3.3. Thermal Vertical Structure
The cross-shelf thermal vertical structure is commonly used to characterize coastal upwelling. The thermal vertical structure of the upper 200 m simulated by ROM was compared to SODA and GLORYS reanalysis and to in-situ data from WOD18. We choose a cross-shelf transect at Cape Ghir (31.5ºN).
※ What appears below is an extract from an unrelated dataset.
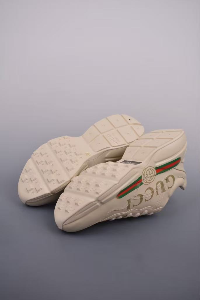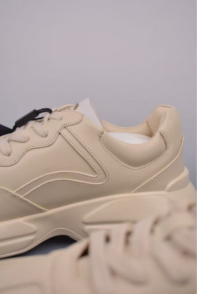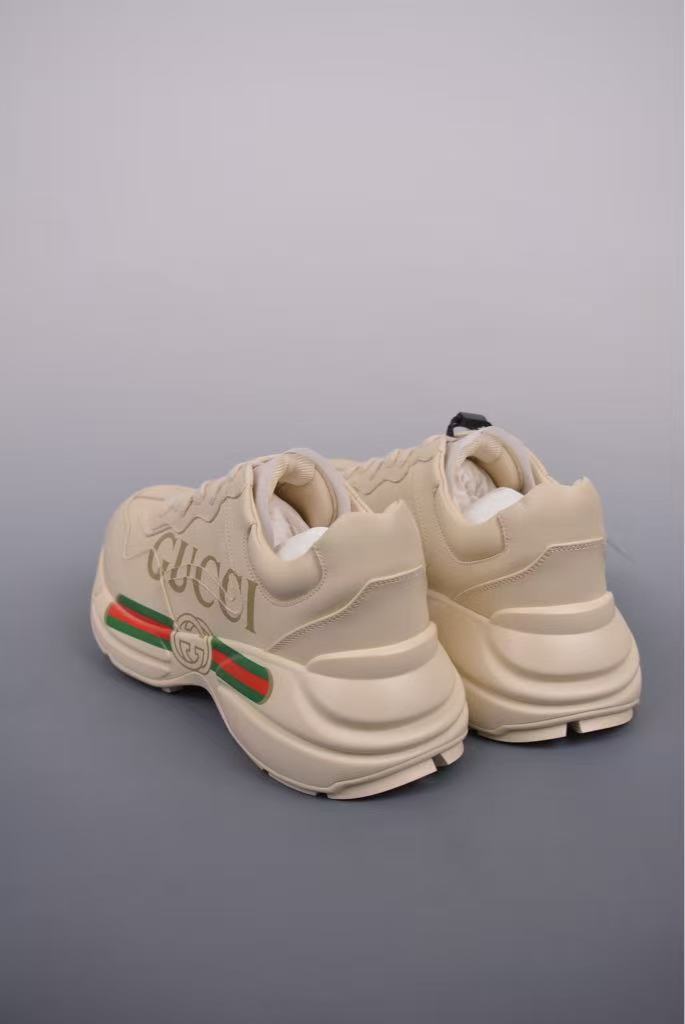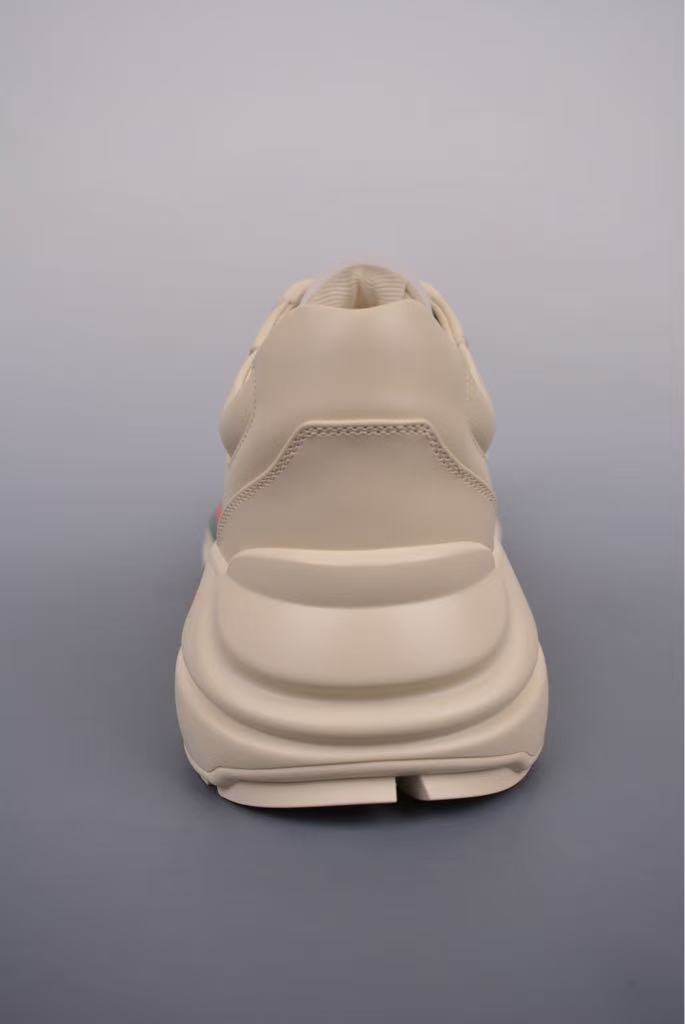 The signature red and green web stripe runs across the side panel, offering a bold contrast that instantly identifies the brand. This iconic detail is complemented by a white perforated mesh panel, which enhances breathability and adds a sporty touch to the silhouette. A gold-tone GG logo metal badge on the tongue serves as a luxurious accent, reinforcing the designer heritage. The thick rubber sole features a green heel cap and tan midsole, giving the shoe a vintage-inspired look with excellent grip and durability. Inside, the soft leather lining ensures comfort and support, while the beige laces maintain a cohesive, polished appearance. These sneakers are designed to be both stylish and practical — perfect for pairing with jeans, tailored pants, or even dresses. |

All observations used from WOD18 were taken between 1980 and 2012, and the isotherms were plotted as a qualitative reference (Fig. 9a, b).
At Cape Ghir WOD18 presents a clear thermal stratification, more evident in summer, with isotherms sloping up to the coast and a temperature range between 14ºC and 22ºC. In summer the upwelling front outcrops in the surface near 10.3º W (see 17ºC isotherm), while it is relaxed in winter with the 17ºC isotherm outcropping more to the east by the coast (Fig. 9a, b). The cross-shelf structure and seasonality is properly represented by GLORYS and SODA reanalysis, but ROM is more accurate in the representation of the vertical gradients and the isotherm sloping by the coast (Fig. 9c-h).
3.4. Upwelling filaments
The MPIOM high horizontal resolution in the central region of the CCUS allows marginally accounting for the mesoscale variability because the climatological first baroclinic Rossby radius of deformation is around 30 km in this area (Chelton et al. 1998). Upwelling filaments are elongated mesoscale structures of upwelled water extending offshore in the upper surface layer (Brink 1983). Alvarez-Salgado et al. (2007) and Lovecchio et al. (2018) highlighted the relevant contribution of upwelling filaments to offshore organic carbon in the CCUS. The most prominent filaments in the CCUS are located at Cape Ghir, Cape Juby, Cape Bojador and Cape Blanc. Cape Ghir filament, one of the largest and existing nearly all year round (Hagen et al. 1996), exports large amounts of organic material into the open ocean (García-Muñoz et al. 2005; Pelegrí et al. 2005, 2006). To assess ROM skills in reproducing these relevant mesoscale features we use two filament events in August 2006 and August 2009, the latter studied in detail by Sangrá (2015) and Sangrá et al. (2015). We compare the observed MODIS Aqua SST with ROM and GLORYS output averaged for 21st to 28th August 2006 and 13th to 20th August 2009 (Fig. 10).
As described by Sangrá et al. (2015), ROM reproduces the filament cold core, with SST below 19ºC and a broader cool embracing region with temperatures between 19ºC and 21ºC. ROM reproduces properly both filament events, quite accurately the offshore extension of the embracing region and a too much extended cold core, while GLORYS filament is excessively limited to the coast.